Le obsequié una sonrisa mientras ella volvía a su puesto, y mis ojos se zambullían de nuevo en la fotografía. Se me ocurrió que mi padre tendría más o menos mi edad –quizás un poco más joven, no lo sé– cuando abandonó la marina mercante para dedicarse a su familia y a su único hijo, quien apenas si conocía. El cambio fue tan radical como doloroso: del cuarto de máquinas pasó al escritorio, de los sextantes y la brújula a los sellos de caucho y las fotocopias. Y tras ser un padre ausente, un héroe lejano con bolsillos repletos de objetos maravillosos, devino un acostumbrado garabato de sí mismo. En un par de años nada más, su nueva ocupación le había domesticado el espíritu, y como las aves en cautiverio, comenzó entonces a envejecer. Su bigote endureció y perdió el color, su pulso se hizo errático e inconstante, y sus ideas enlentecieron hasta anquilosarse. Supongo que mi padre era como El Desdémona: una vez anclado en la ribera, su cuerpo empezó rápidamente a oxidarse.

El correo electrónico me recordó, con un gemido alegre y una alarma anaranjada, que ya era hora de acudir a la reunión. Arrancado de mis pensamientos, acuñé el artículo de prensa bajo el teclado del computador, justo a tiempo de pescar por el rabillo del ojo a una silueta agazapada en la ventana. Y ahí estaban de nuevo: dos pájaros negros intrigados por la oficina, espías furtivos del reino animal. Uno primero y el otro después se asomaron contemplándome con reservas, con cierta desgana, a lo mejor resentidos conmigo por haberlos sorprendido de nuevo. Pude entonces detallarlos mejor: los recordaba mucho más pequeños, aunque en realidad eran de buen tamaño y de formas familiares, que pronto bauticé como alcatraces. Tenía años sin ver un alcatraz, veinte o veinticinco tal vez, desde la última vez que acompañé a mi viejo a la playa; aquellas eran aves de mi propia prehistoria. “¿Y ustedes?”, les pregunté en voz alta, sobresaltado por mi propio tono, que pareció brotar enmudecido, surgiendo debajo del agua o desde el interior de un barril de madera. “¿Nosotros qué?” respondieron sus graznidos en mi cabeza, “¿es que no piensas ir a la reunión?”.

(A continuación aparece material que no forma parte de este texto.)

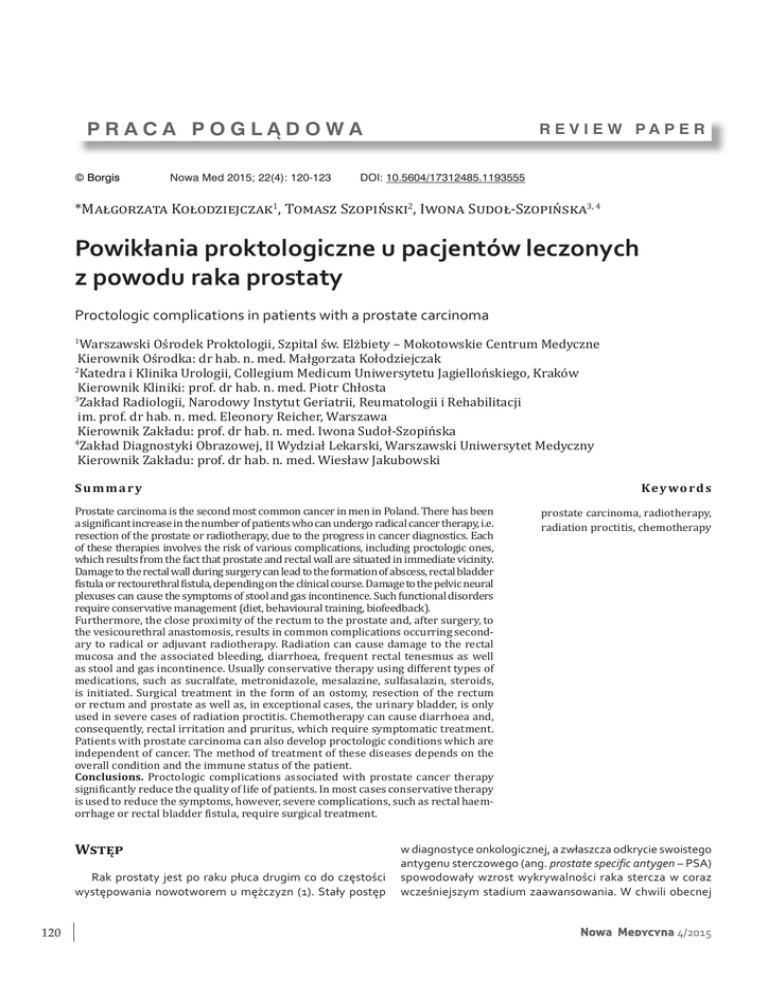 PRACA POGLĄDOWA Borgis © Borgis Nowa Med 2015; 22(4): 120-123 R E V I E W PA P E R DOI: 10.5604/17312485.1193555 *Małgorzata Kołodziejczak1, Tomasz Szopiński2, Iwona Sudoł-Szopińska3, 4 Powikłania proktologiczne u pacjentów leczonych z powodu raka prostaty Proctologic complications in patients with a prostate carcinoma Warszawski Ośrodek Proktologii, Szpital św. Elżbiety – Mokotowskie Centrum Medyczne Kierownik Ośrodka: dr hab. n. med. Małgorzata Kołodziejczak 2 Katedra i Klinika Urologii, Collegium Medicum Uniwersytetu Jagiellońskiego, Kraków Kierownik Kliniki: prof. dr hab. n. med. Piotr Chłosta 3 Zakład Radiologii, Narodowy Instytut Geriatrii, Reumatologii i Rehabilitacji im. prof. dr hab. n. med. Eleonory Reicher, Warszawa Kierownik Zakładu: prof. dr hab. n. med. Iwona Sudoł-Szopińska 4 Zakład Diagnostyki Obrazowej, II Wydział Lekarski, Warszawski Uniwersytet Medyczny Kierownik Zakładu: prof. dr hab. n. med. Wiesław Jakubowski 1 Summary Prostate carcinoma is the second most common cancer in men in Poland. There has been a significant increase in the number of patients who can undergo radical cancer therapy, i.e. resection of the prostate or radiotherapy, due to the progress in cancer diagnostics. Each of these therapies involves the risk of various complications, including proctologic ones, which results from the fact that prostate and rectal wall are situated in immediate vicinity. Damage to the rectal wall during surgery can lead to the formation of abscess, rectal bladder fistula or rectourethral fistula, depending on the clinical course. Damage to the pelvic neural plexuses can cause the symptoms of stool and gas incontinence. Such functional disorders require conservative management (diet, behavioural training, biofeedback). Furthermore, the close proximity of the rectum to the prostate and, after surgery, to the vesicourethral anastomosis, results in common complications occurring secondary to radical or adjuvant radiotherapy. Radiation can cause damage to the rectal mucosa and the associated bleeding, diarrhoea, frequent rectal tenesmus as well as stool and gas incontinence. Usually conservative therapy using different types of medications, such as sucralfate, metronidazole, mesalazine, sulfasalazin, steroids, is initiated. Surgical treatment in the form of an ostomy, resection of the rectum or rectum and prostate as well as, in exceptional cases, the urinary bladder, is only used in severe cases of radiation proctitis. Chemotherapy can cause diarrhoea and, consequently, rectal irritation and pruritus, which require symptomatic treatment. Patients with prostate carcinoma can also develop proctologic conditions which are independent of cancer. The method of treatment of these diseases depends on the overall condition and the immune status of the patient. Conclusions. Proctologic complications associated with prostate cancer therapy significantly reduce the quality of life of patients. In most cases conservative therapy is used to reduce the symptoms, however, severe complications, such as rectal haemorrhage or rectal bladder fistula, require surgical treatment. Wstęp Rak prostaty jest po raku płuca drugim co do częstości występowania nowotworem u mężczyzn (1). Stały postęp 120 Key wo rd s prostate carcinoma, radiotherapy, radiation proctitis, chemotherapy w diagnostyce onkologicznej, a zwłaszcza odkrycie swoistego antygenu sterczowego (ang. prostate specific antygen – PSA) spowodowały wzrost wykrywalności raka stercza w coraz wcześniejszym stadium zaawansowania. W chwili obecnej Nowa Medycyna 4/2015 Powikłania proktologiczne u pacjentów leczonych z powodu raka prostaty ponad 60% pacjentów z rakiem prostaty zostaje zdiagnozowanych we wczesnym stadium choroby ograniczonej do narządu. Spowodowało to zwiększenie liczby chorych z rakiem stercza poddawanych leczeniu radykalnemu, tj. radykalnej prostatektomii i radioterapii. Pomimo znaczącego postępu technologicznego w zakresie obu tych metod leczenia, jak również niewątpliwych korzyści terapeutycznych, ryzyko powikłań związanych z leczeniem raka prostaty nadal stanowi ważny problem kliniczny. Możliwe powikłania to problemy natury ogólnej, powikłania ze strony układu moczowego, np. nietrzymanie moczu, oraz ze strony narządów sąsiednich, w tym również proktologiczne. Odbytnica ze względu na położenie w bezpośredniej bliskości ze sterczem lub (po operacji) z zespoleniem pęcherzowo-cewkowym jest w tym przypadku narządem szczególnie narażonym na uszkodzenie. Skomplikowanym zagadnieniem są powikłania związane z uszkodzeniem odbytnicy w trakcie operacji, tzn. przetoki odbytniczo-pęcherzowe i odbytniczo-cewkowe. Podobnie radioterapia nie jest wolna od powikłań proktologicznych i powoduje stany zapalne odbytnicy i związane z tym obfite krwawienia. W przypadku popromiennego uszkodzenia odbytnicy prowadzącego do wystąpienia martwicy może dojść do powstania przetoki sterczowo-odbytniczej. Także leczenie paliatywne w postaci hormono- i chemioterapii niesie ryzyko wystąpienia działań ubocznych dotyczących odbytu i odbytnicy. Leczenie dolegliwości proktologicznych wymaga niejednokrotnie interdyscyplinarnego podejścia (urolog, proktolog, onkolog). Problemy proktologiczne jako następstwo leczenia chirurgicznego Zasadniczym sposobem leczenia raka stercza ograniczonego do narządu jest prostatektomia radykalna. Zabieg ten wykonuje się z kilku dostępów: przezkroczowego, załonowego otwartego oraz laparoskopowego przez- i pozaotrzewnowego. W każdym przypadku kluczowym elementem operacji jest całkowite usunięcie stercza i odtworzenie ciągłości dróg moczowych. Dzięki znaczącemu postępowi techniki operacyjnej i dobrej znajomości anatomii, odsetek powikłań pooperacyjnych stale się obniża. W chwili obecnej metodą wiodącą, która niewątpliwie stanowi przyszłość tej operacji, jest dostęp laparoskopowy. Bezpośrednie sąsiedztwo odbytnicy s

Pero esa era la voz de Laura, de nuevo, que se atravesaba en el camino de mi mirada y me extraía de mis delirios. Me incorporé, asintiendo como un resorte y tomando un lapicero y una libreta, antes de echar un vistazo hacia la ventana de fondo. Ya no había nada que ver, más allá de la ciudad sucia y aburrida. Nada digno de comentario. Como tampoco lo hubo en la reunión. Mis hojas regresaron en blanco.

Esa noche cenamos tan sólo mi mujer y yo, porque el chico se quedaba en casa de algunas amigas. Su madre parecía realmente creer que aquello tendría el aire de una inocente pijamada; yo, sin saber cómo disimular un súbito arrebato de envidia, me lo imaginé en un tipo muy distinto de reunión. No supe si sentirme orgulloso de que no se repitieran en él las mismas torpezas de su padre, o si resentir el hecho de que jamás me hubiese pedido un consejo amoroso. Movido por las sensaciones, se me ocurrió insinuar en voz alta que la presencia de nuestro retoño, de no ser por su televisor eternamente encendido, apenas si se habría hecho sentir entre nosotros. Me gané una mirada de advertencia: Careful with that axe, Eugene. Pisé entonces el freno a toda velocidad y previendo el inminente estallido, alabé la comida y agradecí la oportunidad poco frecuente de estar a solas y de compartir. Ella ablandó la mirada, pues me conocía lo suficiente para valorar aquel gesto en su justa dimensión; a veces no está tan mal eso de acostumbrarse al otro por completo. Esa noche hicimos el amor despacio y con gusto, aunque ya no duráramos tanto como antes. Sabíamos en dónde tocar, y el resto era cortejo por compromiso. Terminamos, ella primero y yo poco después, y nos dormimos casi de inmediato.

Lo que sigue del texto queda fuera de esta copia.